**Your assignment:**
Print the listing exactly as it stands. Skip every picture.

**Records for this exercise:**
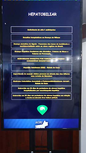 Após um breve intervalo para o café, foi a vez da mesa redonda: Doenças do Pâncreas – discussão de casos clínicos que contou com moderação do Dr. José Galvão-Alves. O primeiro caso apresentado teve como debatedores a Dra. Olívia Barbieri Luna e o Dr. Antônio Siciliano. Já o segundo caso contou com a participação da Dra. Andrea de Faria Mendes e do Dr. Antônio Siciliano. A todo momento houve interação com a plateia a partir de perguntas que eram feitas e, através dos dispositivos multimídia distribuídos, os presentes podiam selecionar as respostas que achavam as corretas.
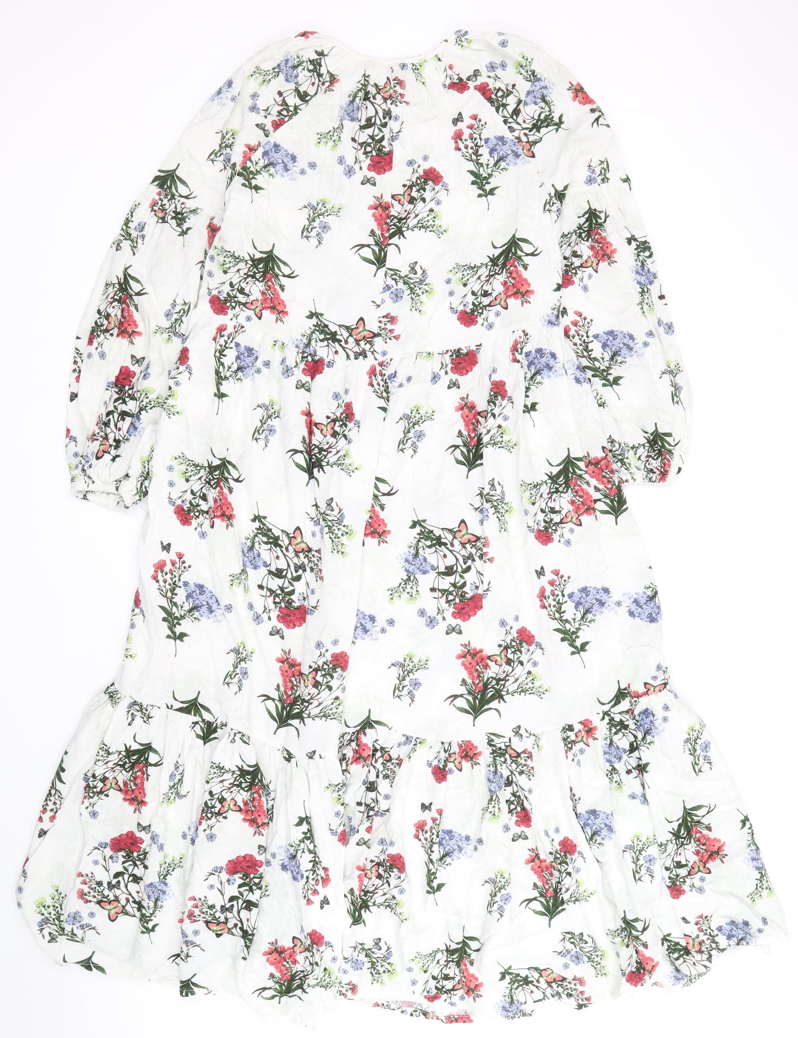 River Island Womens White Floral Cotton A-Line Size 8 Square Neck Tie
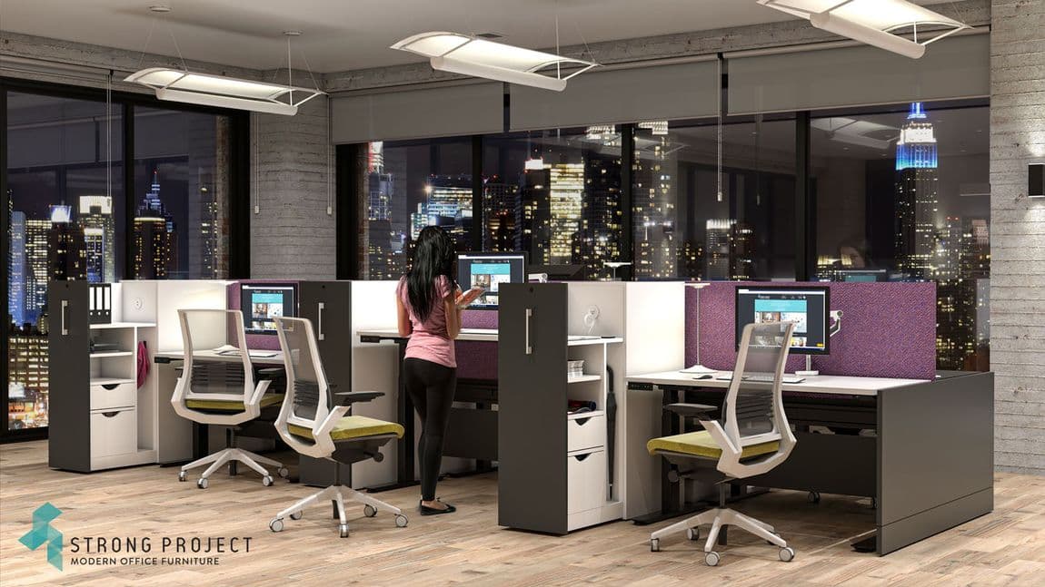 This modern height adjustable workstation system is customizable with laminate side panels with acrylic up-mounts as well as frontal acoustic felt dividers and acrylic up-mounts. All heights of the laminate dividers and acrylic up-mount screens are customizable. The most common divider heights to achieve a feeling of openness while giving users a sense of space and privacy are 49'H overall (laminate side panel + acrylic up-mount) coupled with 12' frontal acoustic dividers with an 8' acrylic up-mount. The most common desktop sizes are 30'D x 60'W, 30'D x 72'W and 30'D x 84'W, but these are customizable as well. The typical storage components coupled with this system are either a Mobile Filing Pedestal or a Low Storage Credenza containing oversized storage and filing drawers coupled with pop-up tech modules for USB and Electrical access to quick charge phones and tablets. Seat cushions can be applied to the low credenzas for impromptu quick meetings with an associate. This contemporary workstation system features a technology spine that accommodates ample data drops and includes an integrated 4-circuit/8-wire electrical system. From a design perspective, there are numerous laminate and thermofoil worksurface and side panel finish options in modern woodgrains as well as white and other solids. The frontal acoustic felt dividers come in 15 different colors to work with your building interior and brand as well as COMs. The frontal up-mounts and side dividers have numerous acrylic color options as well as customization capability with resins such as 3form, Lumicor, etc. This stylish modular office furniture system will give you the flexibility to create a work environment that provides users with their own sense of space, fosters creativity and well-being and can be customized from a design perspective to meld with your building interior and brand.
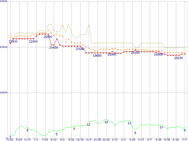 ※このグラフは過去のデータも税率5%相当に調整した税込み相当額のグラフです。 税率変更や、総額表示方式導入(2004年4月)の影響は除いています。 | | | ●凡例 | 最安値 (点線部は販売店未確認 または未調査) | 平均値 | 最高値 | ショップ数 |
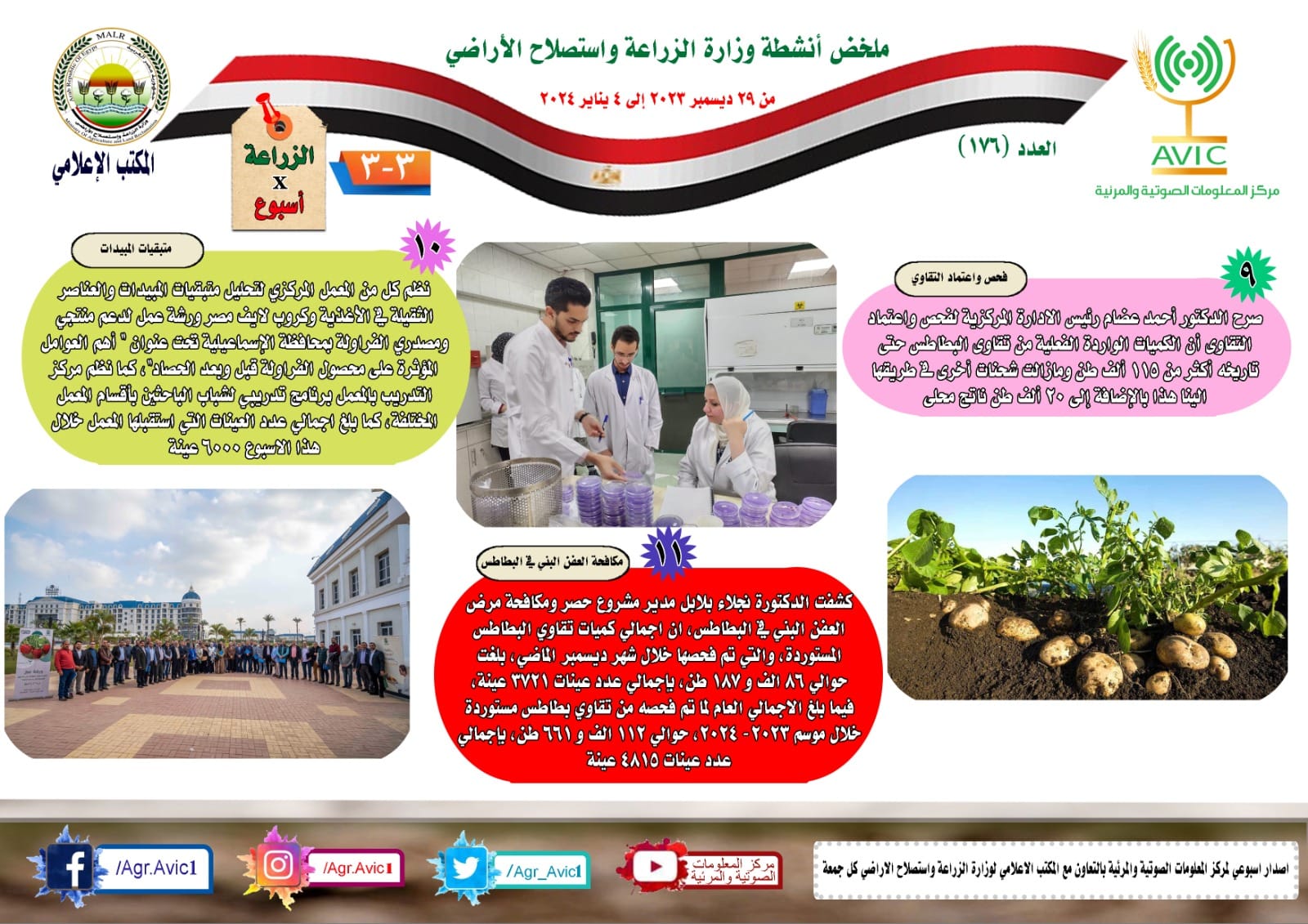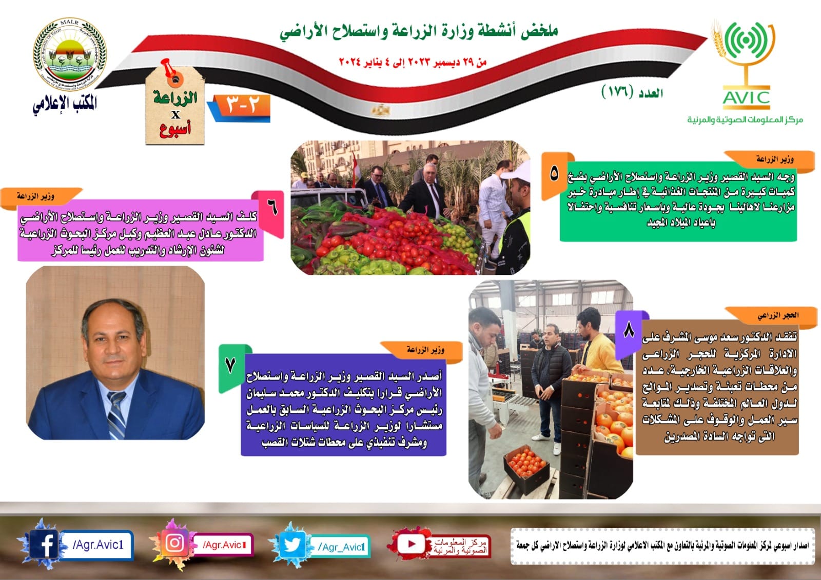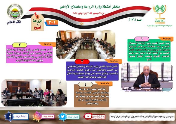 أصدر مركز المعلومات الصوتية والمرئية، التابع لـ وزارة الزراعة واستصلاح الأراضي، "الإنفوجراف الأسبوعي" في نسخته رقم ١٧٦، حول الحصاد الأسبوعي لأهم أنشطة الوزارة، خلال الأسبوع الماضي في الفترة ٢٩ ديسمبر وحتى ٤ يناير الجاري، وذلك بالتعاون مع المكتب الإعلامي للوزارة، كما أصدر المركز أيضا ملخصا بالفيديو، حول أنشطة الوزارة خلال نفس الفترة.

**Response to this task:**
 Após um breve intervalo para o café, foi a vez da mesa redonda: Doenças do Pâncreas – discussão de casos clínicos que contou com moderação do Dr. José Galvão-Alves. O primeiro caso apresentado teve como debatedores a Dra. Olívia Barbieri Luna e o Dr. Antônio Siciliano. Já o segundo caso contou com a participação da Dra. Andrea de Faria Mendes e do Dr. Antônio Siciliano. A todo momento houve interação com a plateia a partir de perguntas que eram feitas e, através dos dispositivos multimídia distribuídos, os presentes podiam selecionar as respostas que achavam as corretas.
 River Island Womens White Floral Cotton A-Line Size 8 Square Neck Tie
 This modern height adjustable workstation system is customizable with laminate side panels with acrylic up-mounts as well as frontal acoustic felt dividers and acrylic up-mounts. All heights of the laminate dividers and acrylic up-mount screens are customizable. The most common divider heights to achieve a feeling of openness while giving users a sense of space and privacy are 49'H overall (laminate side panel + acrylic up-mount) coupled with 12' frontal acoustic dividers with an 8' acrylic up-mount. The most common desktop sizes are 30'D x 60'W, 30'D x 72'W and 30'D x 84'W, but these are customizable as well. The typical storage components coupled with this system are either a Mobile Filing Pedestal or a Low Storage Credenza containing oversized storage and filing drawers coupled with pop-up tech modules for USB and Electrical access to quick charge phones and tablets. Seat cushions can be applied to the low credenzas for impromptu quick meetings with an associate. This contemporary workstation system features a technology spine that accommodates ample data drops and includes an integrated 4-circuit/8-wire electrical system. From a design perspective, there are numerous laminate and thermofoil worksurface and side panel finish options in modern woodgrains as well as white and other solids. The frontal acoustic felt dividers come in 15 different colors to work with your building interior and brand as well as COMs. The frontal up-mounts and side dividers have numerous acrylic color options as well as customization capability with resins such as 3form, Lumicor, etc. This stylish modular office furniture system will give you the flexibility to create a work environment that provides users with their own sense of space, fosters creativity and well-being and can be customized from a design perspective to meld with your building interior and brand.
 ※このグラフは過去のデータも税率5%相当に調整した税込み相当額のグラフです。 税率変更や、総額表示方式導入(2004年4月)の影響は除いています。 | | | ●凡例 | 最安値 (点線部は販売店未確認 または未調査) | 平均値 | 最高値 | ショップ数 |
 أصدر مركز المعلومات الصوتية والمرئية، التابع لـ وزارة الزراعة واستصلاح الأراضي، "الإنفوجراف الأسبوعي" في نسخته رقم ١٧٦، حول الحصاد الأسبوعي لأهم أنشطة الوزارة، خلال الأسبوع الماضي في الفترة ٢٩ ديسمبر وحتى ٤ يناير الجاري، وذلك بالتعاون مع المكتب الإعلامي للوزارة، كما أصدر المركز أيضا ملخصا بالفيديو، حول أنشطة الوزارة خلال نفس الفترة.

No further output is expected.